I'll be there forever and a day – Always.
I'll be there till the stars don't shine
Till the heavens burst.
 
 
 
“Se vuoi rimanere solo ti capisco..” sussurrò Derek respirando vicino l’orecchio di Stiles. “Se hai bisogno di me sai come chiamarmi, sarò da te in un baleno.” Disse infine raddrizzandosi.
 
“Non andare via” mormorò Stiles alzando lo sguardo spaventato e puntando i suoi occhi in quelli verde prato di Derek. “Ho bisogno di te, hai promesso che non mi avresti più lasciato solo. Entra furtivamente dalla finestra, ormai abbiamo imparato che ne sei più che capace” sorrise leggermente il ragazzo, ancora visibilmente provato.

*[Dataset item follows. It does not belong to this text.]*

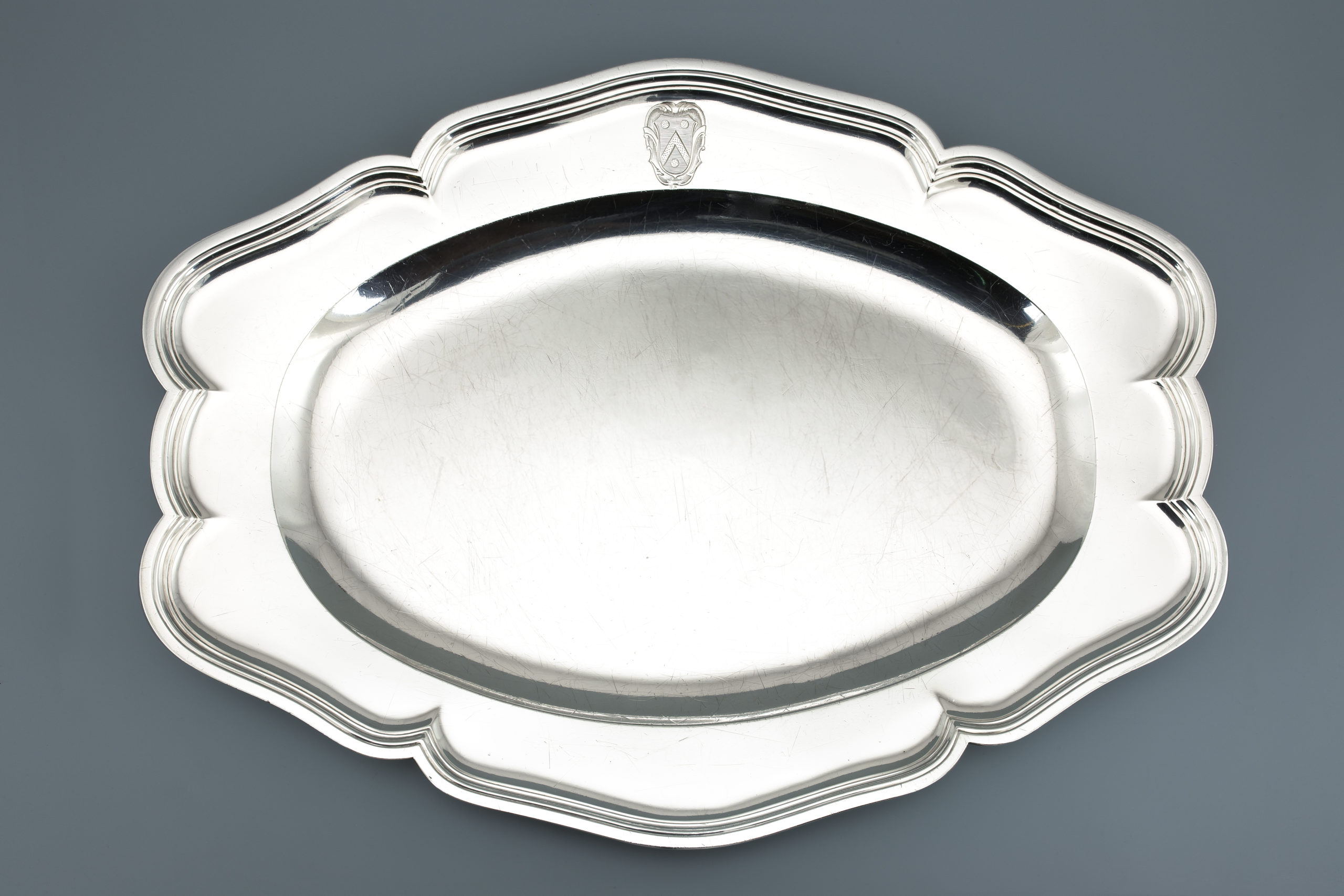 Each shaped oval with molded rim, comprising one large, two medium and a smaller platter. Engraved with the coat of arms of John Hope (1737 – 1784). He was a distinguished merchant, banker and art collector. His art collection was renowned across Europe Since 1762 he was a member of Hope & Co, a Dutch bank that existed for two and a half centuries. The bank was located in Amsterdam until 1795; originally it concentrated on Great Britain. From 1750 it played a major part in the finances of the Dutch East India Company (VOC).

“Certo, aspettami lì allora” borbottò il moro. Salutò tutti con un cenno mentre con la coda dell’occhio guardava Stiles che lentamente saliva le scale. Derek chiuse la porta alle sue spalle e furtivamente si arrampicò sull’albero che c’era vicino la finestra del castano. Con un balzo riuscì ad entrare; con lo sguardo cercò Stiles e lo trovò seduto sul letto, ricurvo e con le mani giunte. Derek si avvicinò velocemente e si inginocchiò davanti al ragazzo, temendo che avesse avuto un crollo e che si fosse male.

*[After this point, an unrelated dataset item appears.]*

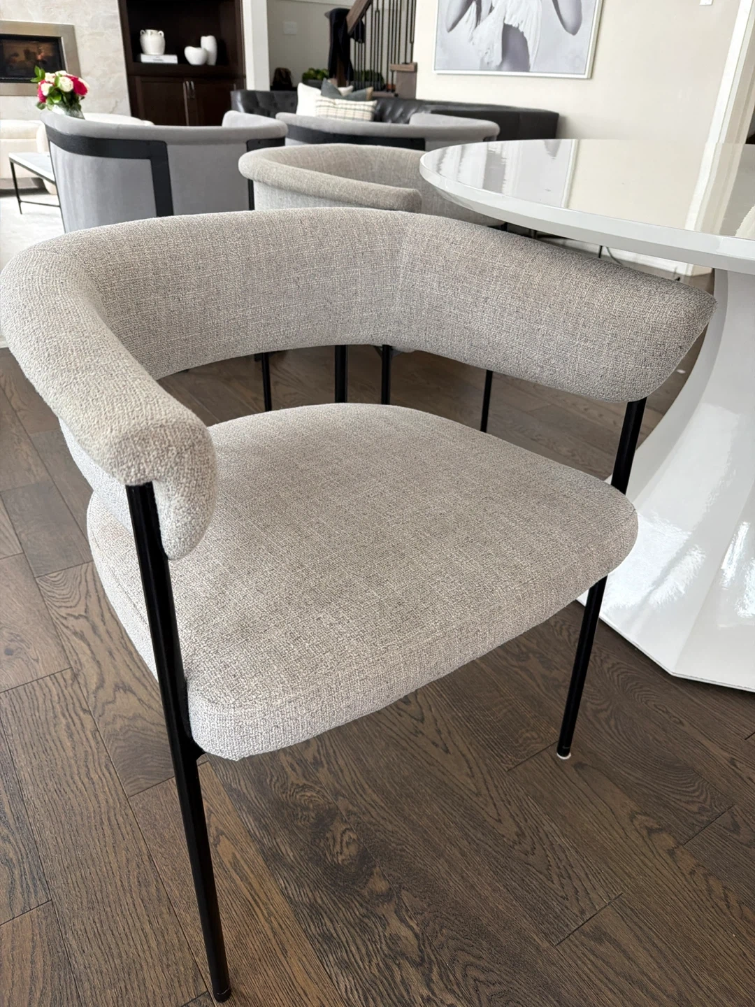 Selling a modern dining chair in great condition! The chair features a stylish grey fabric seat and back, complemented by sleek black legs. It's a comfortable and chic addition to any dining space. Perfect for adding a touch of elegance to your home! 6 in total

“Sto bene” sussurrò Stiles subito dopo, posando la sua mano sulla testa del moro e intrecciando le dita ai suoi capelli in una carezza. Derek chiuse gli occhi, beandosi del contatto; sapeva che non c’era niente che andasse bene ma non aveva voglia di costringere Stiles a parlargli; certo, nell’ultimo periodo aveva perso quella scintilla di vitalità e il ragazzino logorroico era diventato taciturno e riflessivo quindi si era abituato a tenere tutto dentro, nascondendo ciò che lo affliggeva.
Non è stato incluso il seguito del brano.